Starting at the first line of the entries below, please return exactly each line up to and including the one with "Центростремительное или нормальное"; pictures stay out.

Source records
--- START ---

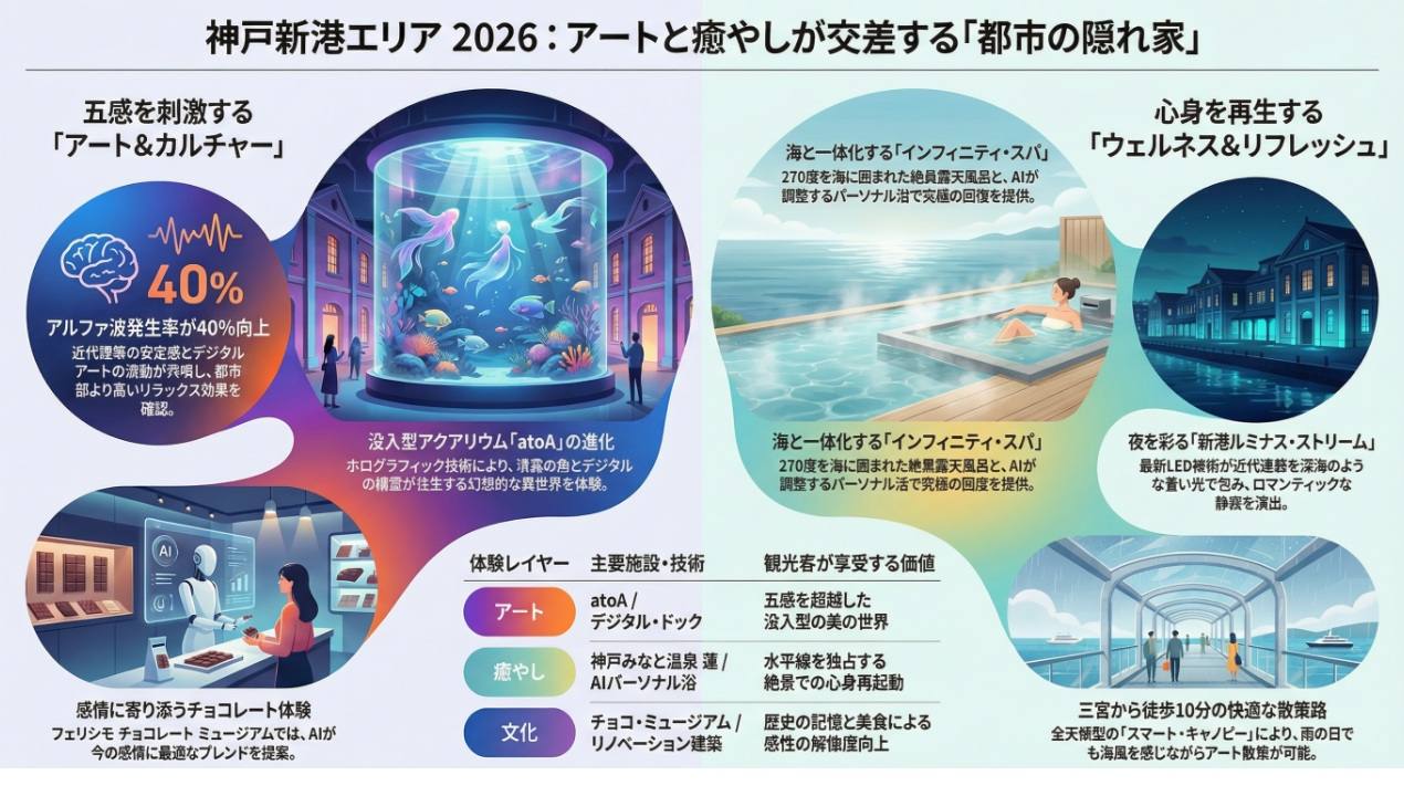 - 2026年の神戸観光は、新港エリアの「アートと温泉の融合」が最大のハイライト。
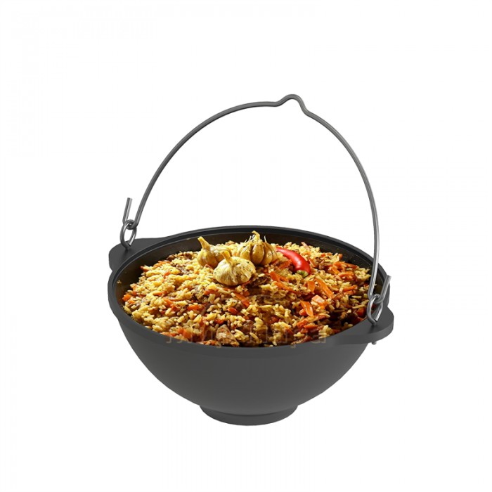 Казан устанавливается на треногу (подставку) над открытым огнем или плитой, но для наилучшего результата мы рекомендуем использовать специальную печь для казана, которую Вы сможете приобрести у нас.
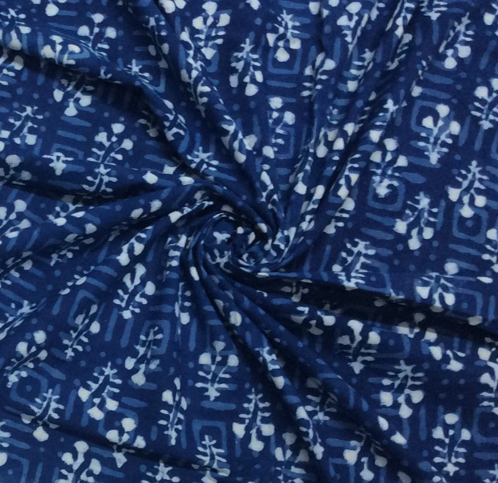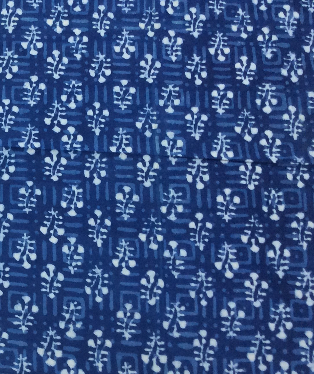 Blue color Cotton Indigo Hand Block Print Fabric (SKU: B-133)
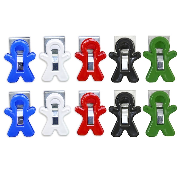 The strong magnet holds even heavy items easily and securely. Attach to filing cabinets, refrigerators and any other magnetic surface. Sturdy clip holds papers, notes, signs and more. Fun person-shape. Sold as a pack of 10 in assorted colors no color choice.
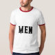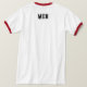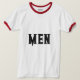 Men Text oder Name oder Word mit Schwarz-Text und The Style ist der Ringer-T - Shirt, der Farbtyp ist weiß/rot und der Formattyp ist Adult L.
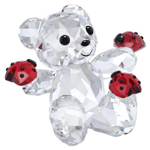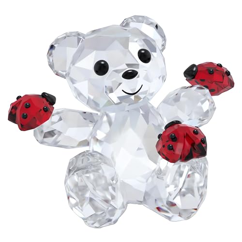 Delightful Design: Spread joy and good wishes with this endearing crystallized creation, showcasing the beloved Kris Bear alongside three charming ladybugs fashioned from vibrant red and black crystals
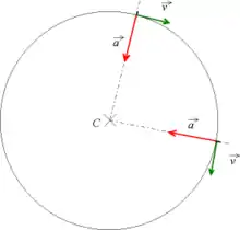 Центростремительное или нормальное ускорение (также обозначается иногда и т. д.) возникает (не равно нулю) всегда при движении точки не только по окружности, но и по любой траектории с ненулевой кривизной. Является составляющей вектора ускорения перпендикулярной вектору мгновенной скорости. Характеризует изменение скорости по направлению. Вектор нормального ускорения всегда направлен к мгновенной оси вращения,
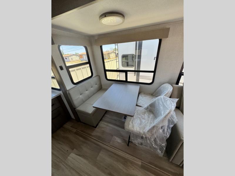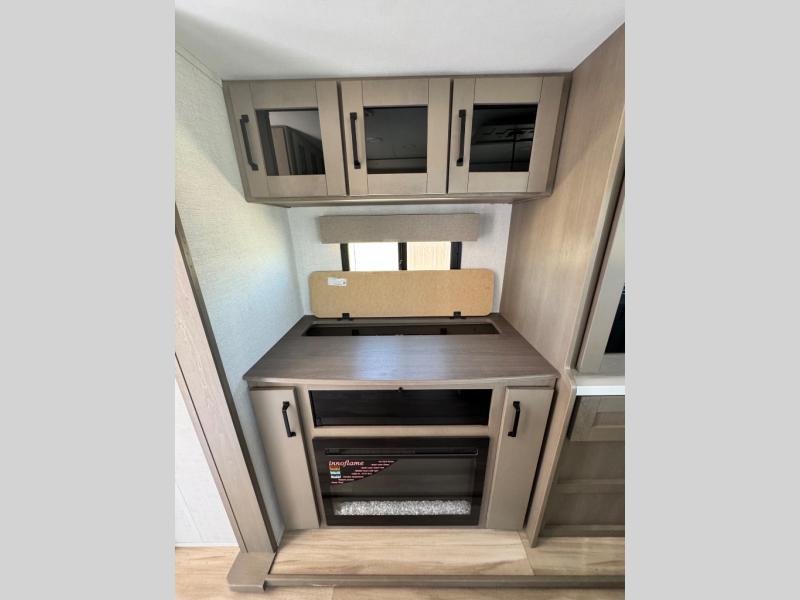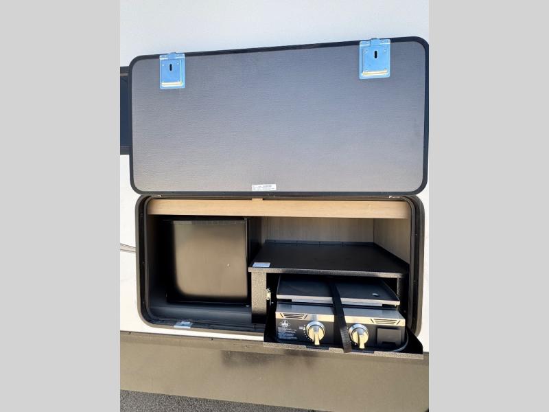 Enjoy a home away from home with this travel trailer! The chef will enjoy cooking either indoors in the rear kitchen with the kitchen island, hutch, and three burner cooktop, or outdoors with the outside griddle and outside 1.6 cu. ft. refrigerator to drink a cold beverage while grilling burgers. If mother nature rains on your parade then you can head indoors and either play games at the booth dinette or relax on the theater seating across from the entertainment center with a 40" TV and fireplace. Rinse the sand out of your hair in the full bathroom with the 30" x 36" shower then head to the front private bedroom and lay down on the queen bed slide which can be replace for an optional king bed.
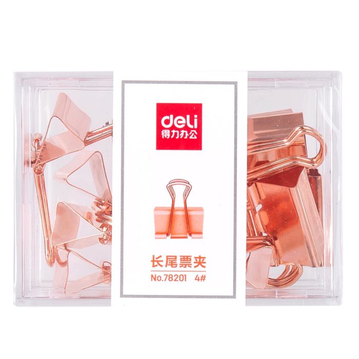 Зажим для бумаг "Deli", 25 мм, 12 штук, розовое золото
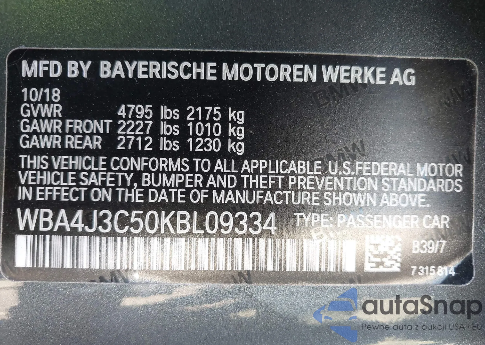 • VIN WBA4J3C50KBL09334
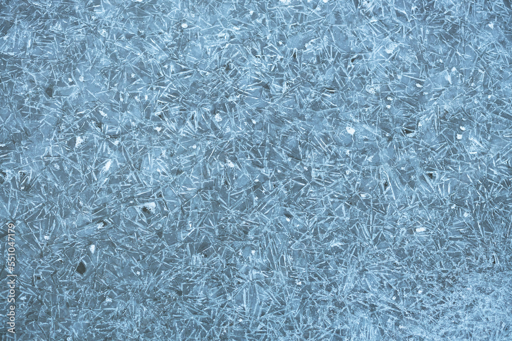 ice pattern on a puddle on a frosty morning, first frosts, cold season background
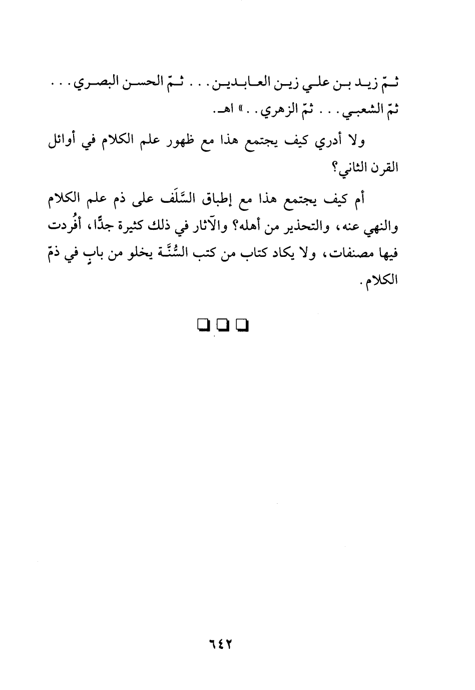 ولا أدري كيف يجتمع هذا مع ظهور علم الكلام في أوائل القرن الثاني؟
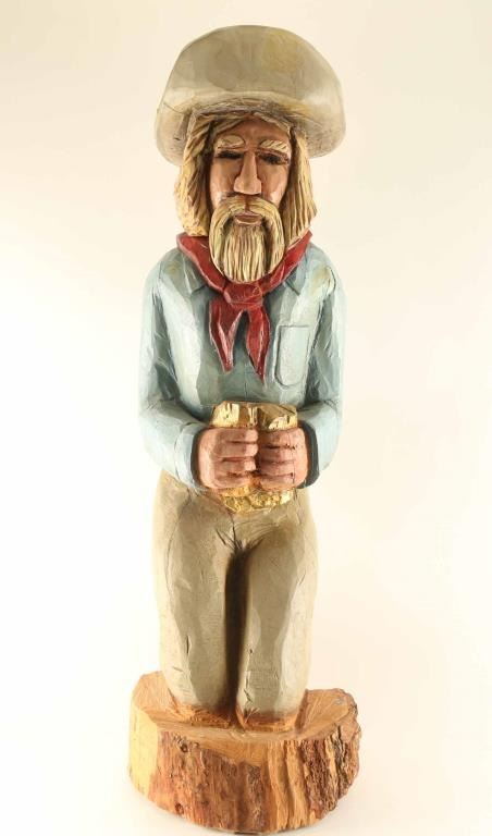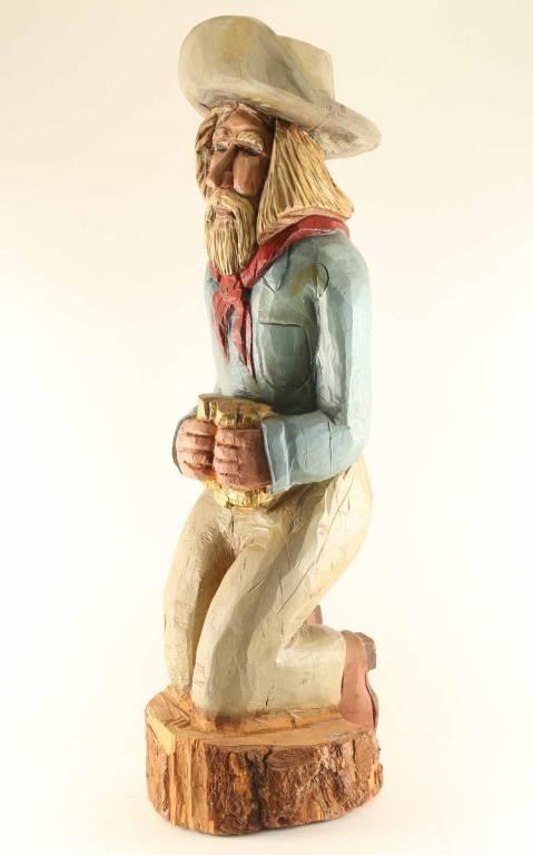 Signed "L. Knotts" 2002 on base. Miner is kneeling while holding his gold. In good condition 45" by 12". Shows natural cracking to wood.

--- END ---

• **Output of the task**:
 - 2026年の神戸観光は、新港エリアの「アートと温泉の融合」が最大のハイライト。
 Казан устанавливается на треногу (подставку) над открытым огнем или плитой, но для наилучшего результата мы рекомендуем использовать специальную печь для казана, которую Вы сможете приобрести у нас.
 Blue color Cotton Indigo Hand Block Print Fabric (SKU: B-133)
 The strong magnet holds even heavy items easily and securely. Attach to filing cabinets, refrigerators and any other magnetic surface. Sturdy clip holds papers, notes, signs and more. Fun person-shape. Sold as a pack of 10 in assorted colors no color choice.
 Men Text oder Name oder Word mit Schwarz-Text und The Style ist der Ringer-T - Shirt, der Farbtyp ist weiß/rot und der Formattyp ist Adult L.
 Delightful Design: Spread joy and good wishes with this endearing crystallized creation, showcasing the beloved Kris Bear alongside three charming ladybugs fashioned from vibrant red and black crystals
 Центростремительное или нормальное ускорение (также обозначается иногда и т. д.) возникает (не равно нулю) всегда при движении точки не только по окружности, но и по любой траектории с ненулевой кривизной. Является составляющей вектора ускорения перпендикулярной вектору мгновенной скорости. Характеризует изменение скорости по направлению. Вектор нормального ускорения всегда направлен к мгновенной оси вращения,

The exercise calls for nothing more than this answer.